# Finally realised its over :-(



## DeeM (Nov 16, 2013)

Its difficult to write this but just thought I would write an update.

After months of agonising over what was best for me, my child and him I (we) have reached the decision that its over.

His continual deceit and dishonesty has made me resentful which is one thing I thought I would never feel for this man who I thought was the love of my life. I loved him with everything, never felt that way about any man in my life and he has the nerve to accuse ME of not ever loving him.

He is so insecure, miserable, argumentative and nasty, looking for a fight at every corner yet accusing me of not trying in our marriage. I feel trapped, controlled and feel I am suffocating under the current situation. I have asked him to go, move out but of course he gives me the sob story.

I am sure he will make my life hell for as long as he can. He is lazy round the house, does nothing to help, even if I cook a family meal I am the one that cleans up etc. I cant bear to look at him any more and yet he wonders why I dont want to talk to him, is he for real ?

This is the man who advertised for sex on a married dating website had contact with a woman for almost a year and a half and then tells me it was both of us that ended our marriage! Yes there are two people here, but only one of them did the cheating. He cant even tell me about the cheating, hasn't got the guts!

Well, you know what, this woman has seen the light. The most important people in my world are my child and myself! This will be my year, walk away dont look back because the door closed behind you.

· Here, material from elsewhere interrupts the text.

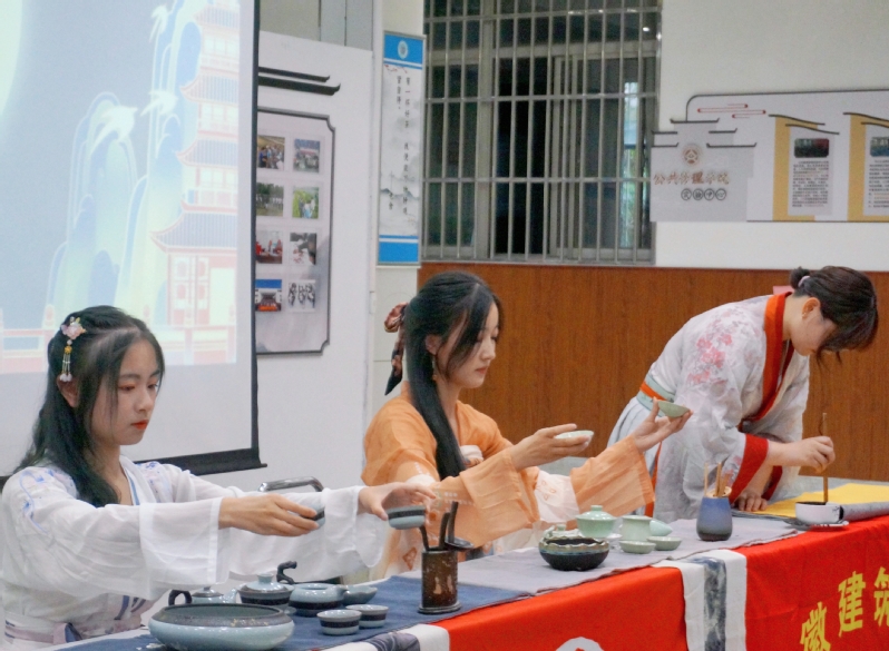 朝含国学社与小隐茶艺社联合举办传统文化演出,包含书法、茶艺表演和诗歌朗诵三个环节,表演中穿插飞花令游戏,主持人与现场新生精彩互动。此次社团活动以发扬中华文化为契机,力求丰厚学生文化底蕴,进一步坚定青年学生的文化自信。

Im stronger than you think buddy! .... plenty more honest, caring reliable fish in the sea who would love a chance to grab this attractive, intelligent, sexy lady... 

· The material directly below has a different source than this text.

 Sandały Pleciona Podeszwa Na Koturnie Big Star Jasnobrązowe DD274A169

Oh I do feel better hahaha xxx


----------



## workindad (May 7, 2011)

Glad you are feeling better. See your plan through and embrace the chance to start over.

Good luck
WD


----------



## walkonmars (Aug 21, 2012)

That's the attitude to have. 

Take care of yourself and your child. Protect yourself with a good tough-as-nails lawyer. And don't ever again buy into his bullsh1t.


----------



## Lostinthought61 (Nov 5, 2013)

He is clearly not ready to come to grips with his transgressions and you can't wait forever. you made the right choice for yourself and your child...perhaps in doing this he will come to his own realization and accept his responsibilities in all of this...i wish you good luck and i hope this new year will bring you a better sense of well being. you can not love someone completely who is not completely there in the marriage.


----------



## MattMatt (May 19, 2012)

2014 is the year of you and your child! Embrace it!:smthumbup:


----------



## WalterWhite420 (Dec 27, 2013)

You go girl...


----------



## harrybrown (May 22, 2013)

Is there any way he would consider moving out? even to his parents or another family member? That would be a start to make your life better.

Have you filed for divorce yet?


----------